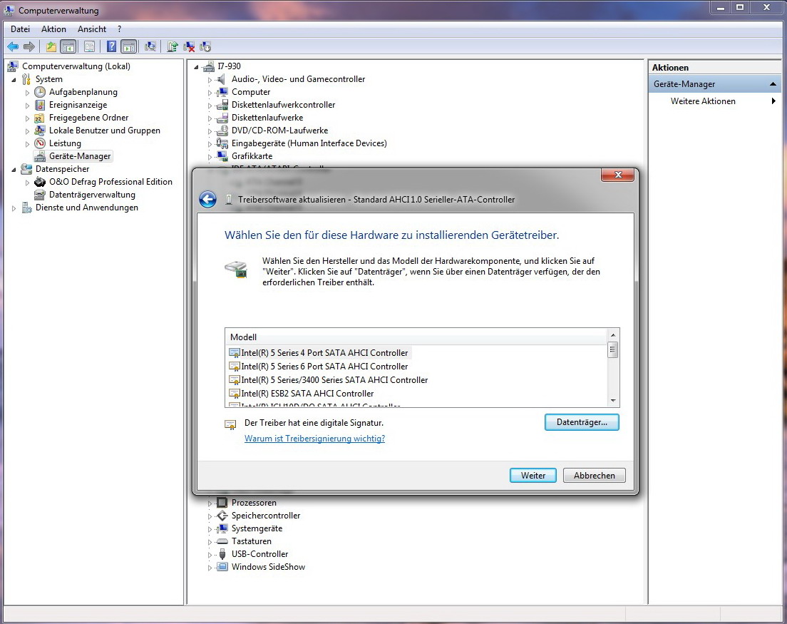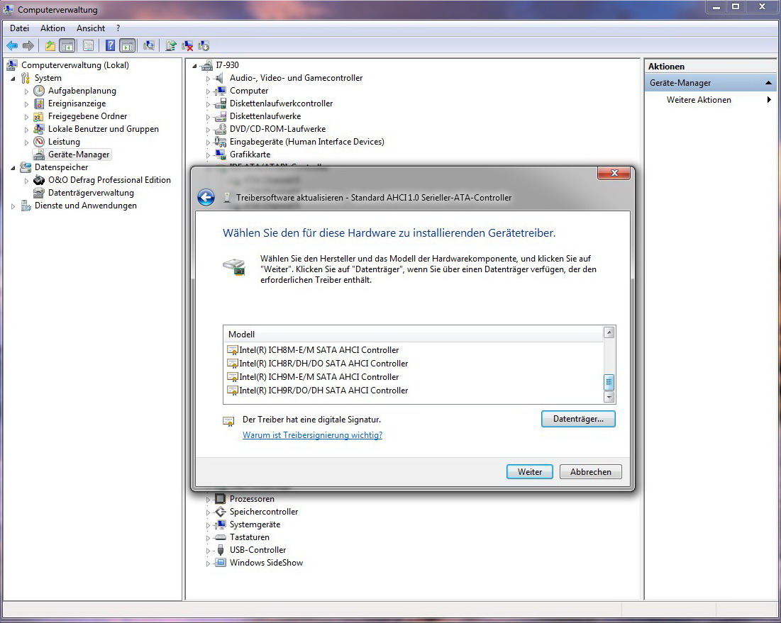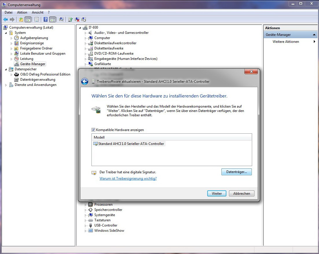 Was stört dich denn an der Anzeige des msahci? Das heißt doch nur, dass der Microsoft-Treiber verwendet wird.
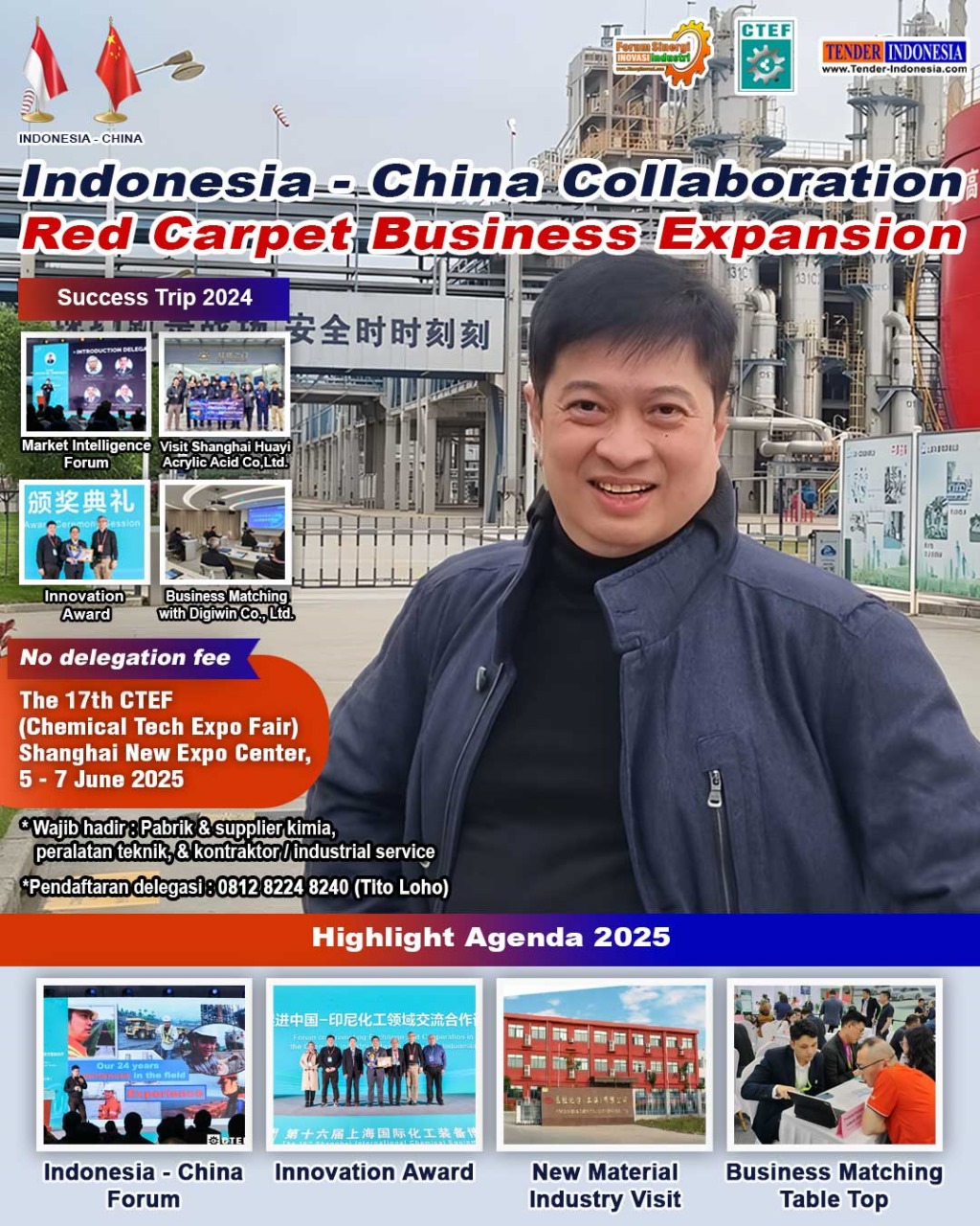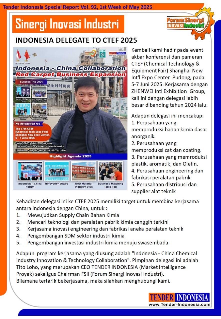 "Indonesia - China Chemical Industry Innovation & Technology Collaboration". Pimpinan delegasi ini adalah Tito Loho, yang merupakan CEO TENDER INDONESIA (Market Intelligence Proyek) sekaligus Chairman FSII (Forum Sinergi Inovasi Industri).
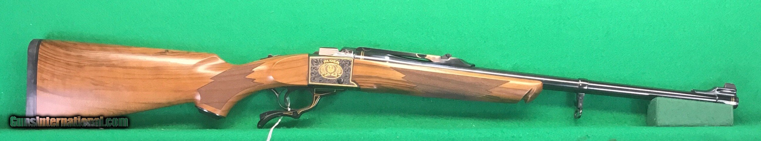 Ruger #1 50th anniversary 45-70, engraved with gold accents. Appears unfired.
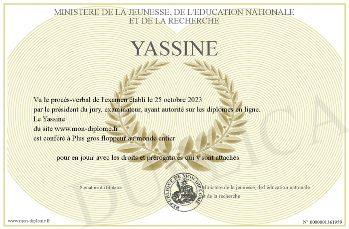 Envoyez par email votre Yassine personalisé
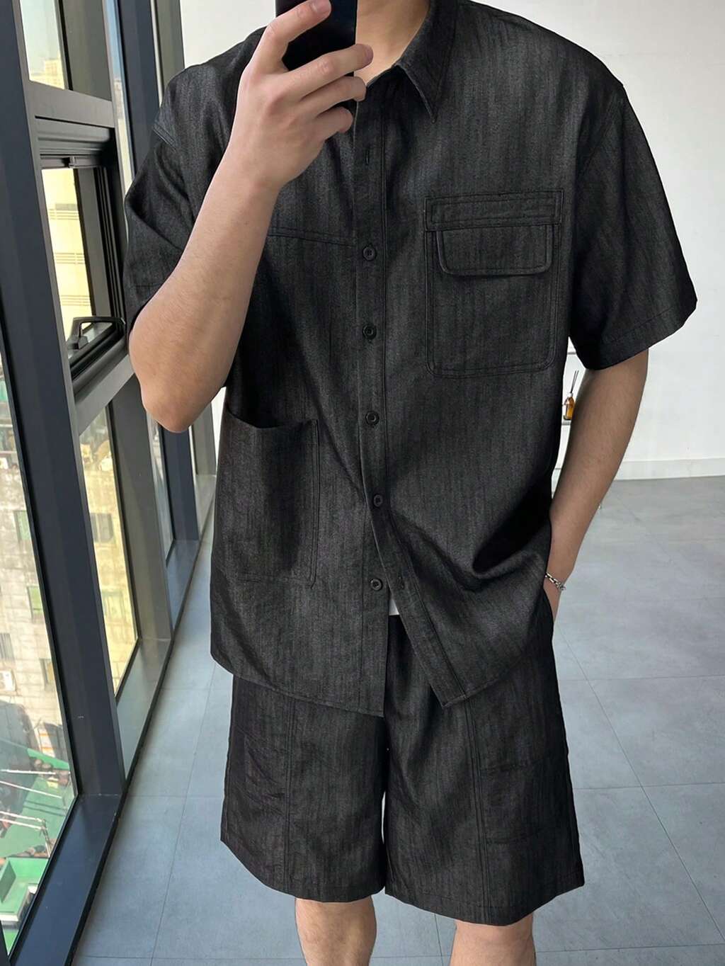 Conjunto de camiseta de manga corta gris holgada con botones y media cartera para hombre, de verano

**********

Only the lines from the one with "Envoyez par email votre Yassine personalisé" through the last line of the records above are wanted, copied exactly and with pictures omitted.

— Written answer —
 Envoyez par email votre Yassine personalisé
 Conjunto de camiseta de manga corta gris holgada con botones y media cartera para hombre, de verano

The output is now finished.